Tuesday, September 6| Skip the elliptical, fitness fanatics, and pick up a joint instead. A study released this week revealed those who smoke weed are less likely to be obese. Less work, more munchies and life is good.
On a more serious note, Gov. Cuomo announced that NY state’s official 9/11 flag will be raised in Albany and at the World Trade Center site marking the ten year anniversary of the tragedy this Sunday.
Wednesday, September 7| As we mentioned earlier, Netflix is cracking down on families that share accounts. Annoying pop-ups limiting instant streaming have become the bane of broke college students’ existence. Those accustomed to freeloading off their parents’ accounts, we feel your pain.

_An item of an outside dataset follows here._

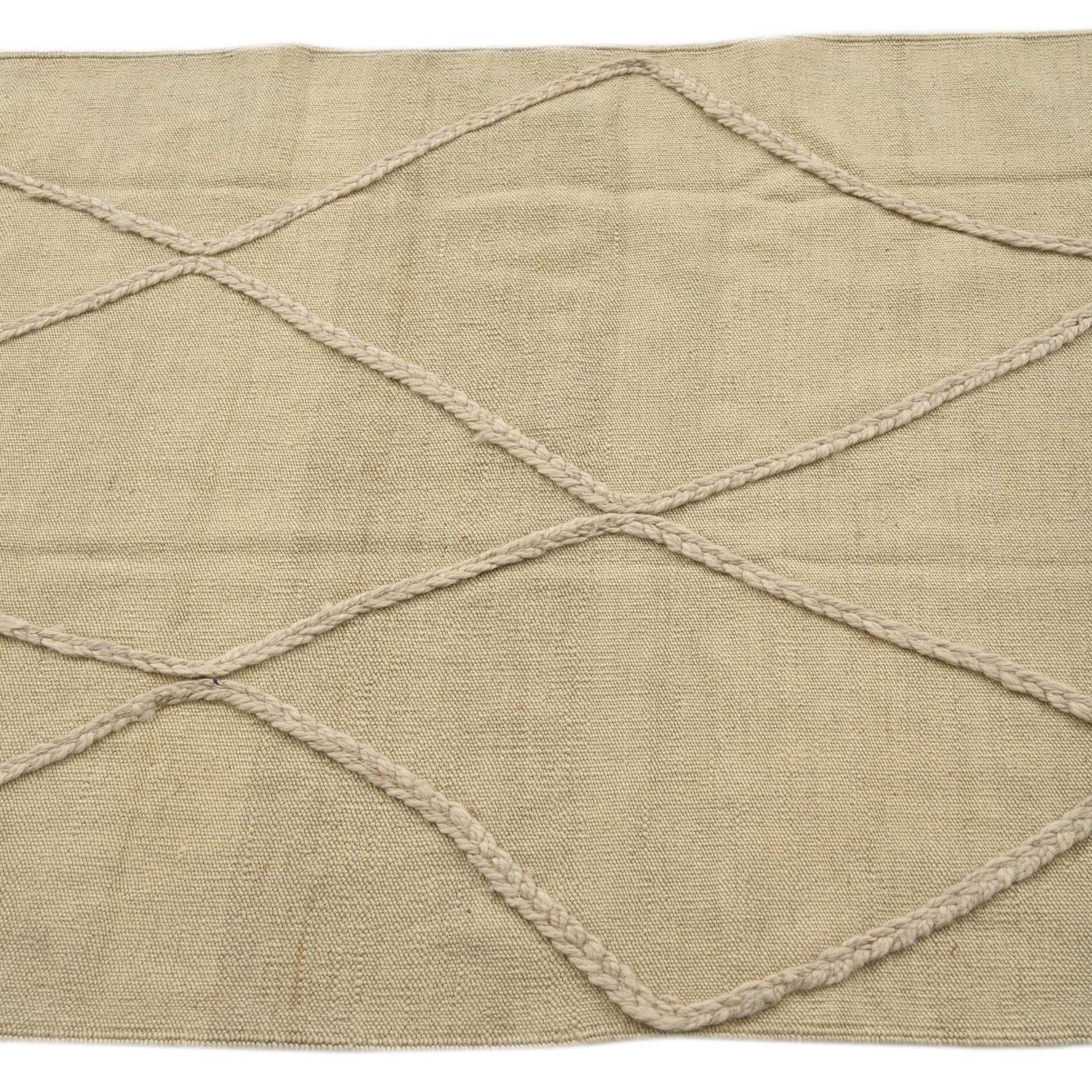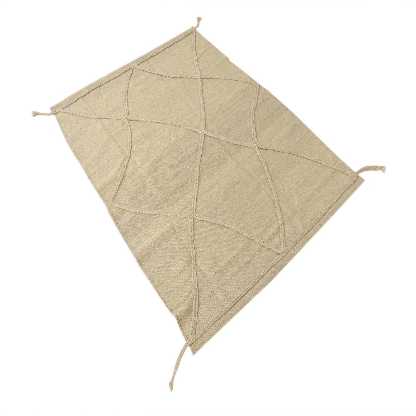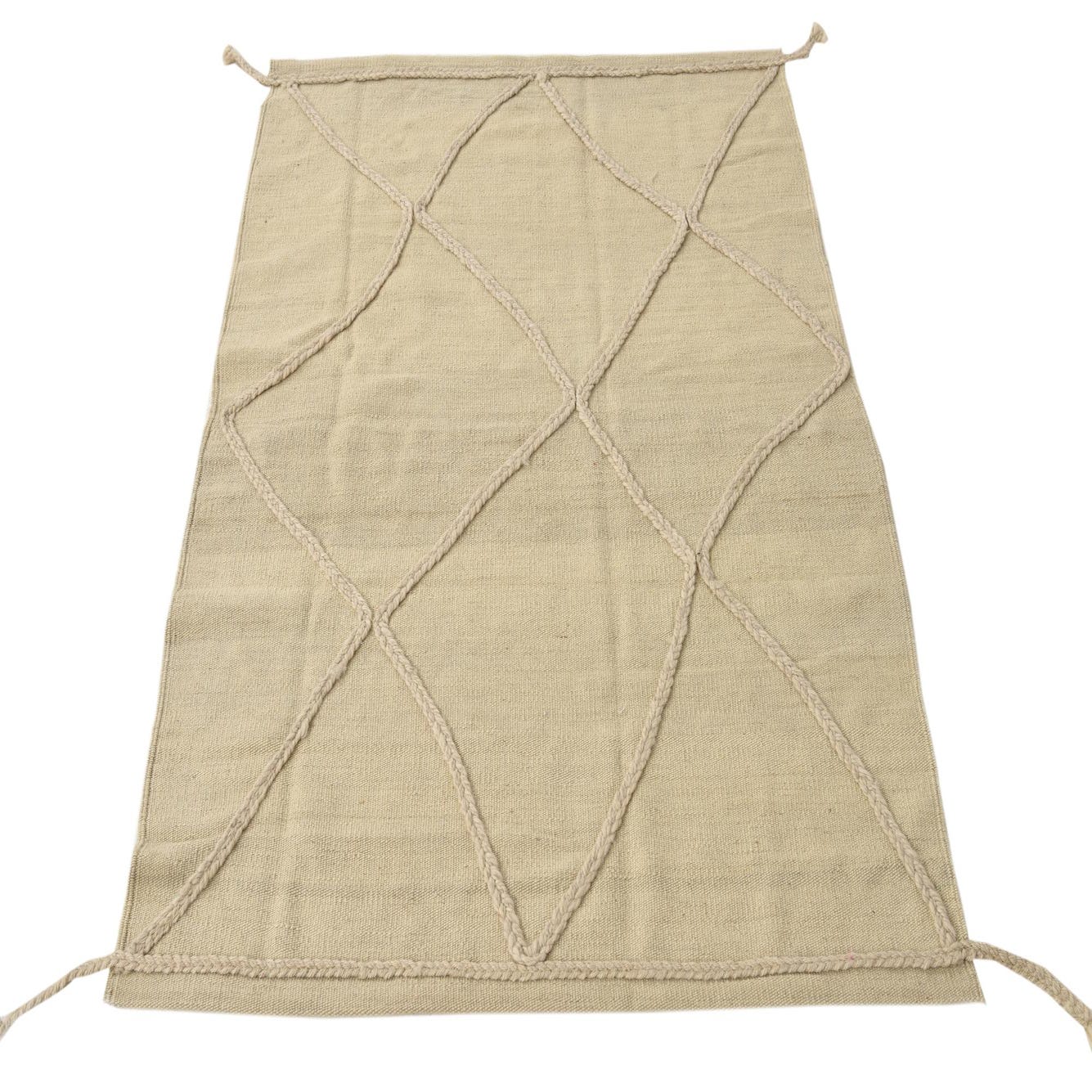 A 3x5 rectangular ivory wool shag rug with a raised braided diamond pattern, suitable for various indoor spaces.
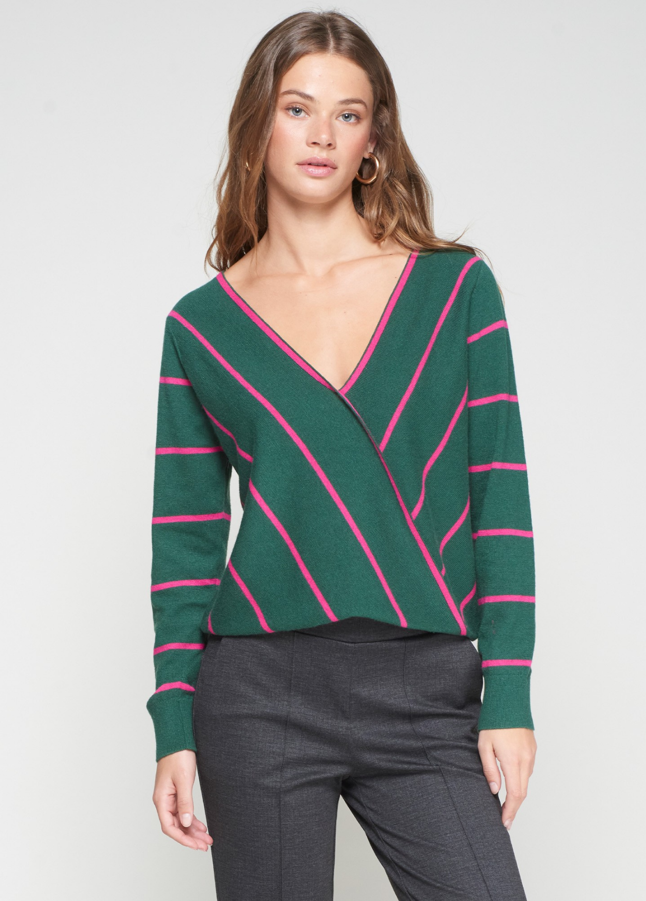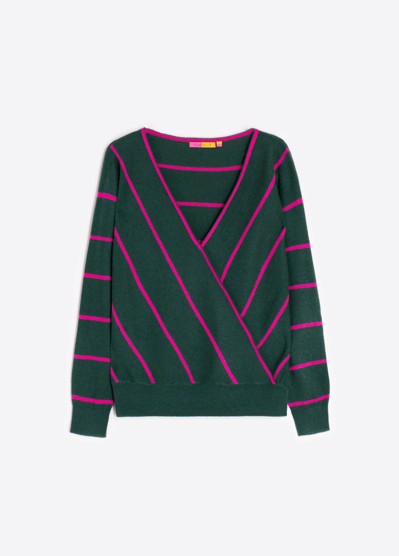 Suéter verde em malha macia com listras diagonais e horizontais em fúcsia. Decote em V cruzado na frente e mangas compridas com acabamento em punhos canelados. Corte reto com bainha ajustada. Estrutura leve e toque macio. Visual ousado e geométrico.

After years of having to always remember to bring flip-flops to the airport, officials released information this week saying that airport screening will change, and our shoes can stay on.
Thursday, September 8| Here is one more reason to love SU: A school in Missouri has started to drug test its entire student body preparing them for a “drug-free workplace.”
Ben & Jerry’s pushes the limit with flavors like Karma Sutra and Half Baked, but this time they have gone too far. The ice cream company released their newest flavor, Schweddy Balls, named after a SNL skit and is made of vanilla ice cream, rum, fudge-covered rum balls, and milk-chocolate malt balls.